Aged care user-pays push for ‘well-off’
Industry group says aged care residents should pay for their everyday expenses - including food and transport - if they can afford to.
Older Australians living in aged care should pay for their everyday expenses – including food, transport and accommodation costs – if they can afford to, in order to ensure the sector remains sustainable.
In a submission to a government taskforce looking into how to ensure adequate funding for aged care, the Aged Care Industry Association said well-off Australians should cover “a significant portion, if not all” of the costs of their care just as they would if they were living independently.
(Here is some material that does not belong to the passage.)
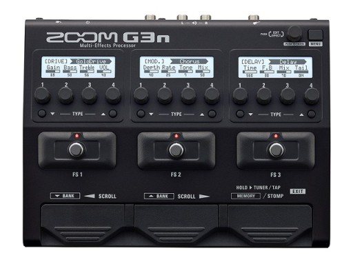 Nowy multiefekt gitarowy firmy ZOOM G3n – pozwala tworzyć łańcuchy efektowe złożone z maksymalnie 7 bloków i oferuje 150 komórek pamięci na programy Patch, z których połowa jest zajęta przez fabryczne presety.
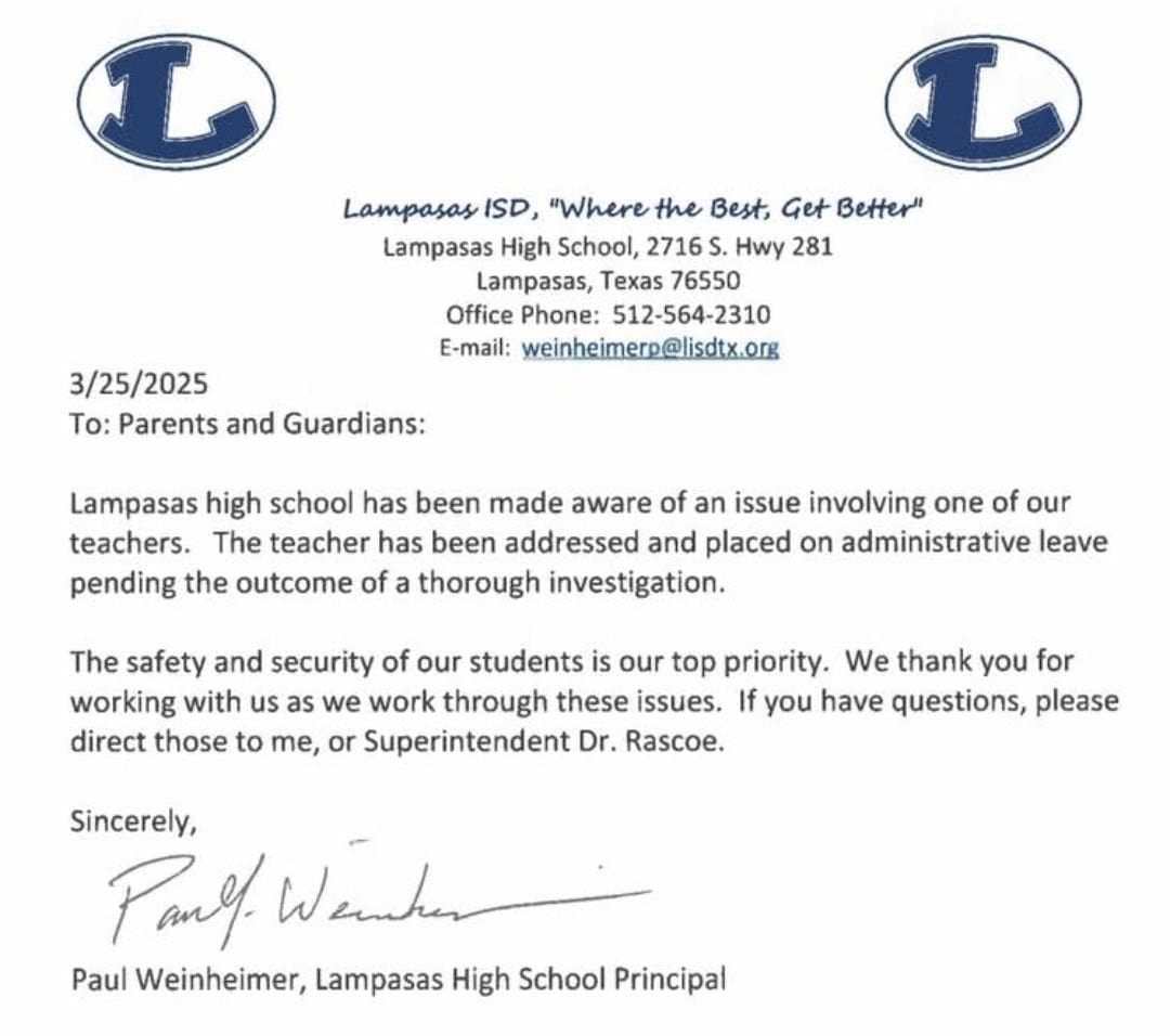 An unnamed Lampasas ISD high school teacher was placed on administrative leave in March over an unspecified “issue” while the district investigated. Another Lampasas ISD teacher resigned in January amid misconduct allegations.

Some of these costs include food, utilities, laundry, transportation, personal care items, and household and garden maintenance, as well as accommodation costs such as rent or mortgage payments.
The peak body – which represents 30 direct members including major ASX-listed companies and also consults with more than 500 facilities across Australia – said the federal government must be accountable for the money it spends on aged care.
“To meet the growing demand in the aged-care sector, it’s imperative that the contributions from government and consumers are not just sufficient to cover costs but also include room for aged-care providers to achieve the profits that build investor confidence in the sector, that underpins growth and redevelopment of what is aged building stock,” the submission reads.
“Without adequate revenue, aged-care providers face challenges in maintaining, let alone enhancing, the quality of care they provide.
“Insufficient funds can force compromises in care quality, staff shortages, outdated equipment, and facilities that do not meet the needs or expectations of an ageing population.”
The federal government is looking into how it can find the right policy settings to ensure the sector remains viable, with Australia’s population projected to age rapidly over the next four decades.
Government spending on aged care has also ballooned, including an additional $11.3bn over four years in the May budget to cover a 15 per cent wage increase for more than 250,000 nursing and care staff.
Aged care is the fourth-largest payment program for the federal government, according to the budget, at $32bn in 2023-24, rising to almost $40bn by 2026-27.
The Australian in February revealed calls from Catholic Health Australia, Council on the Ageing, Aged & Community Care Providers Association and leading aged-care financial analyst StewartBrown for Labor to raise the means-testing threshold for housing wealth in a bid to underwrite the financial viability of the sector.
Government figures in June found that 70 per cent of aged-care homes were operating at a loss.
Aged Care Minister Anika Wells told The Australian the government was “committed to an aged-care system that is fair and equitable both for older people who contribute to the cost of their care and for working people who support aged care through their taxes”.
Ms Wells said the government would consider all options from the Aged Care Taskforce when it reports by December.
“The government is the majority funder of aged care, paying an estimated $30bn in 2022-23. This is expected to increase to $36bn in 2023-24,” the minister said.
“The royal commission’s great unanswered question remains – how to make aged care equitable and sustainable into the future.”
Opposition health spokeswoman Anne Ruston said the Coalition would work constructively with the government to ensure the future sustainability of the aged-care sector.
“We will consider any sensible policy solutions put forward by the Aged Care Taskforce and the government in good faith,” Senator Ruston said.
“Ensuring the sustainability of Australia’s aged-care sector is absolutely critical to ensuring future generations have access to the care they need and the care they deserve as they age.”